-- DATA FOR THE TASK follows --

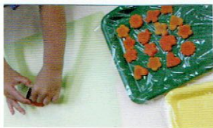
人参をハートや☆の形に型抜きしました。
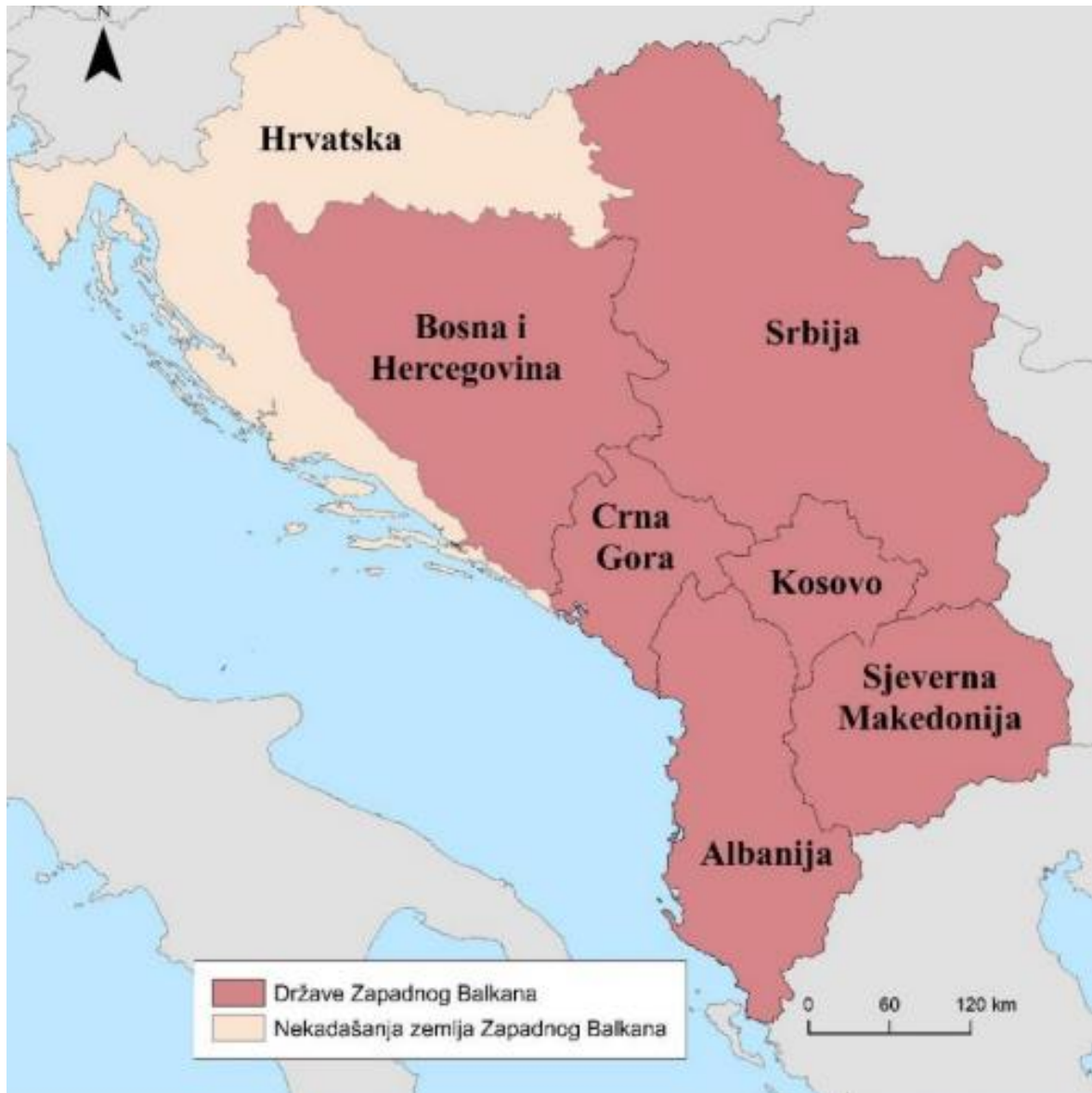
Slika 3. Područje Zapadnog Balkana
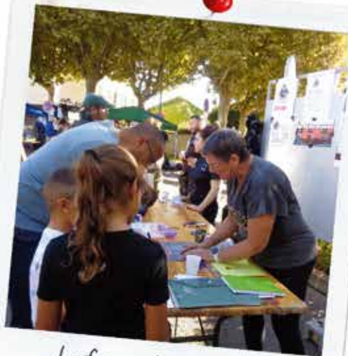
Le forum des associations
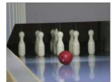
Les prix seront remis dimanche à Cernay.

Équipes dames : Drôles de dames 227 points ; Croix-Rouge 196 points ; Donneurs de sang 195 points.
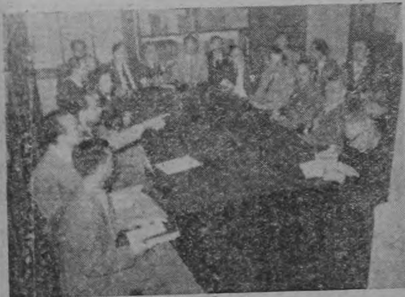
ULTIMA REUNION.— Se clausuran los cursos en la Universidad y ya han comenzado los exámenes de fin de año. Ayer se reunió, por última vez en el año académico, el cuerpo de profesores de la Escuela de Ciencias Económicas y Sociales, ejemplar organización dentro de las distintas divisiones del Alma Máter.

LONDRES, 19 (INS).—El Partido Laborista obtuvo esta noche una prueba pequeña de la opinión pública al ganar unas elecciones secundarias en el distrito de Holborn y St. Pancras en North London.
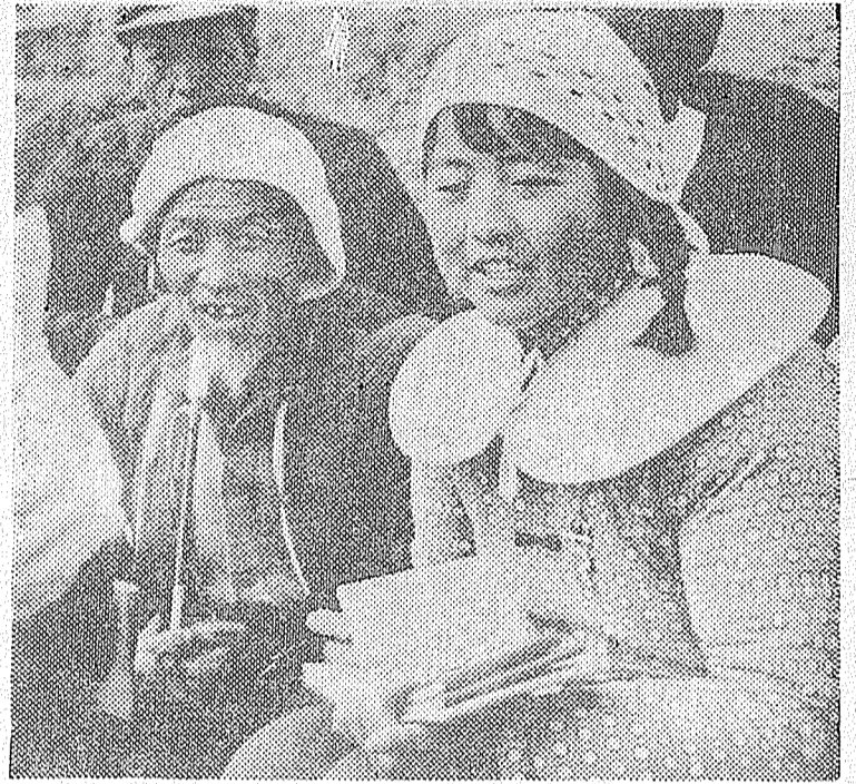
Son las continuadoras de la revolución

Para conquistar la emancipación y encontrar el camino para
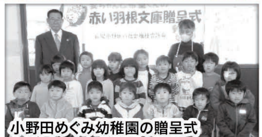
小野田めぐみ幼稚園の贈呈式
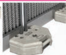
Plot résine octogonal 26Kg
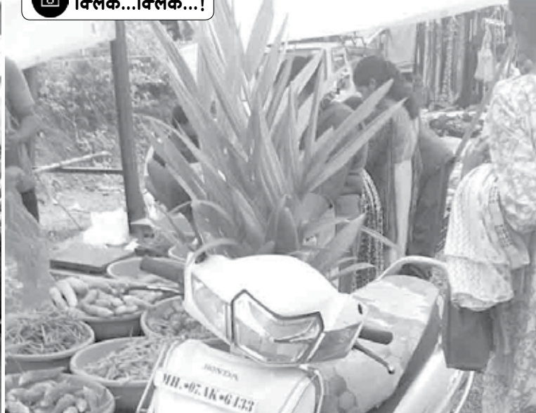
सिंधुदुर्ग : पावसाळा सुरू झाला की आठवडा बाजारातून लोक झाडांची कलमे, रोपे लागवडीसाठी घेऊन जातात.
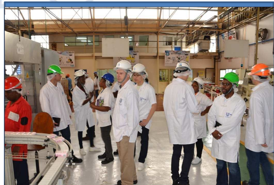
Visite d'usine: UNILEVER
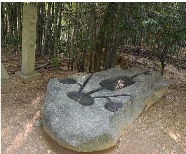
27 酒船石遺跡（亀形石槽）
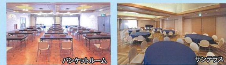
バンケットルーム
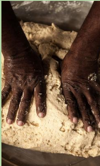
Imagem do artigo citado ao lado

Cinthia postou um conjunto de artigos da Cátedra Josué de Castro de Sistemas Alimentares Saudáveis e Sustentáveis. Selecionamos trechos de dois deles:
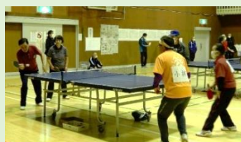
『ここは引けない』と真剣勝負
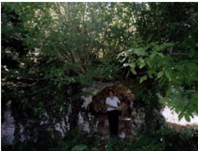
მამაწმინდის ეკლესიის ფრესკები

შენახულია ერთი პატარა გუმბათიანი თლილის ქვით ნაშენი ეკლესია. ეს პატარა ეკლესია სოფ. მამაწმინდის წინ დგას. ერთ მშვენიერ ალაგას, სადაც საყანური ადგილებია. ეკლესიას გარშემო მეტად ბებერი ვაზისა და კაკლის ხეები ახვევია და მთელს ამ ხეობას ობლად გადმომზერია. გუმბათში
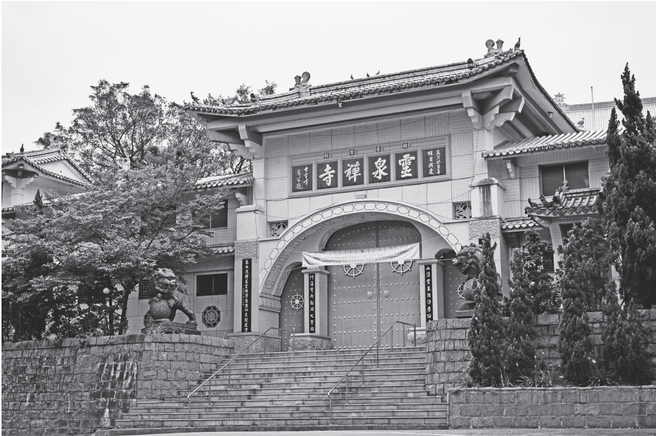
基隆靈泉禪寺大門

-- DATA FOR THE TASK concluded --

WORK TO COMPLETE:
Go through the data and return every word of it verbatim, leaving out the pictures.

ANSWER AREA:
人参をハートや☆の形に型抜きしました。
Slika 3. Područje Zapadnog Balkana
Le forum des associations
Les prix seront remis dimanche à Cernay.

Équipes dames : Drôles de dames 227 points ; Croix-Rouge 196 points ; Donneurs de sang 195 points.
ULTIMA REUNION.— Se clausuran los cursos en la Universidad y ya han comenzado los exámenes de fin de año. Ayer se reunió, por última vez en el año académico, el cuerpo de profesores de la Escuela de Ciencias Económicas y Sociales, ejemplar organización dentro de las distintas divisiones del Alma Máter.

LONDRES, 19 (INS).—El Partido Laborista obtuvo esta noche una prueba pequeña de la opinión pública al ganar unas elecciones secundarias en el distrito de Holborn y St. Pancras en North London.
Son las continuadoras de la revolución

Para conquistar la emancipación y encontrar el camino para
小野田めぐみ幼稚園の贈呈式
Plot résine octogonal 26Kg
सिंधुदुर्ग : पावसाळा सुरू झाला की आठवडा बाजारातून लोक झाडांची कलमे, रोपे लागवडीसाठी घेऊन जातात.
Visite d'usine: UNILEVER
27 酒船石遺跡（亀形石槽）
バンケットルーム
Imagem do artigo citado ao lado

Cinthia postou um conjunto de artigos da Cátedra Josué de Castro de Sistemas Alimentares Saudáveis e Sustentáveis. Selecionamos trechos de dois deles:
『ここは引けない』と真剣勝負
მამაწმინდის ეკლესიის ფრესკები

შენახულია ერთი პატარა გუმბათიანი თლილის ქვით ნაშენი ეკლესია. ეს პატარა ეკლესია სოფ. მამაწმინდის წინ დგას. ერთ მშვენიერ ალაგას, სადაც საყანური ადგილებია. ეკლესიას გარშემო მეტად ბებერი ვაზისა და კაკლის ხეები ახვევია და მთელს ამ ხეობას ობლად გადმომზერია. გუმბათში
基隆靈泉禪寺大門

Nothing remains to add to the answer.